Daß die mit dem BSFG getroffenen Regelungen den Wesensgehalt des Eigentumsrechtes berühren und damit das Eigentumsrecht verletzen (vgl. zB VfSlg. 8759/1980), ist nicht erkennbar.

Art6 StGG bezieht sich nur auf den Erwerb und die Veräußerung von Liegenschaften. Der Gebrauch der Liegenschaft (wie ihn das BSFG regelt) ist nicht Gegenstand dieses Grundrechtes (vgl. zB VfSlg. 6321/1970, 7922/1976, 7959/1976).
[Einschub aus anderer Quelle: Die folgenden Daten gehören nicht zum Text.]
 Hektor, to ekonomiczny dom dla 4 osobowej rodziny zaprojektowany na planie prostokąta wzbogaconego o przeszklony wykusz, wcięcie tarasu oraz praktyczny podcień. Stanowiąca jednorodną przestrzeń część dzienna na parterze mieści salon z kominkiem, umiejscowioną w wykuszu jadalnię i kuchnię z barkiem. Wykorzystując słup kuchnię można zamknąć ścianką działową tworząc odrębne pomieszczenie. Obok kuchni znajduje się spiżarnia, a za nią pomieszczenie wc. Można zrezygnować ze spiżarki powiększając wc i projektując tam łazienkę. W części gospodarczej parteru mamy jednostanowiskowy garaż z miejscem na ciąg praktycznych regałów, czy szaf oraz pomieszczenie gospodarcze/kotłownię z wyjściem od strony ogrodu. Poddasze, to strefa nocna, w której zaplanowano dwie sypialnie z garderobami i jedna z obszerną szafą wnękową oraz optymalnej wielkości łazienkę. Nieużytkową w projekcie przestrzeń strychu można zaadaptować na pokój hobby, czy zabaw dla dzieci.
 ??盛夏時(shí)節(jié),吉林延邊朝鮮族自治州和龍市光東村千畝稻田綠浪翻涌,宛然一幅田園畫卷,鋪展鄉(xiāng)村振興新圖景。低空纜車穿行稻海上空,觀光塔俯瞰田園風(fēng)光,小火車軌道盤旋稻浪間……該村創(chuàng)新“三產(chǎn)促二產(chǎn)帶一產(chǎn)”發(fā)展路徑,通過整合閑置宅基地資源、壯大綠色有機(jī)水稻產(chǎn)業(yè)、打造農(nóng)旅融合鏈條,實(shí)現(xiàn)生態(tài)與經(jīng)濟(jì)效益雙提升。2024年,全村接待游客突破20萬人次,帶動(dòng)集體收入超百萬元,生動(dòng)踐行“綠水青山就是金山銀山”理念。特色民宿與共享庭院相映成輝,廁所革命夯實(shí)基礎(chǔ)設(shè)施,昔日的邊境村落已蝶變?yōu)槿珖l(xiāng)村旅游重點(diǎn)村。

Zu untersuchen ist noch, ob §8 Abs1 lite BSFG das Gleichheitsrecht verletzt, nämlich - wie der Beschwerdeführer offenbar meint - dadurch, daß der Gesetzgeber sachwidrig Ungleiches gleich behandelt hat (vgl. zB VfSlg. 8279/1978), indem er jedem Berufsfischer nur je ein Hochsee- und Haldenpatent zuweist, unabhängig von der räumlichen Größe seines Fischereigebietes.

Der VfGH teilt die Bedenken des Beschwerdeführers nicht:

Voranzustellen ist, daß sowohl das Haldenpatent als auch das Hochseepatent nach dem BSFG höchstpersönliche und unübertragbare Rechte sind. Eine Weitergabe der durch die Patente verliehenen Rechte ist sohin ausgeschlossen.

Diese Regelung ist sachlich, da es durchaus sinnvoll ist, im Interesse der Fischereiwirtschaft die Patente nur natürlichen Personen zu verleihen, die bestimmte persönliche Voraussetzungen erfüllen und die Fischerei selbst ausüben.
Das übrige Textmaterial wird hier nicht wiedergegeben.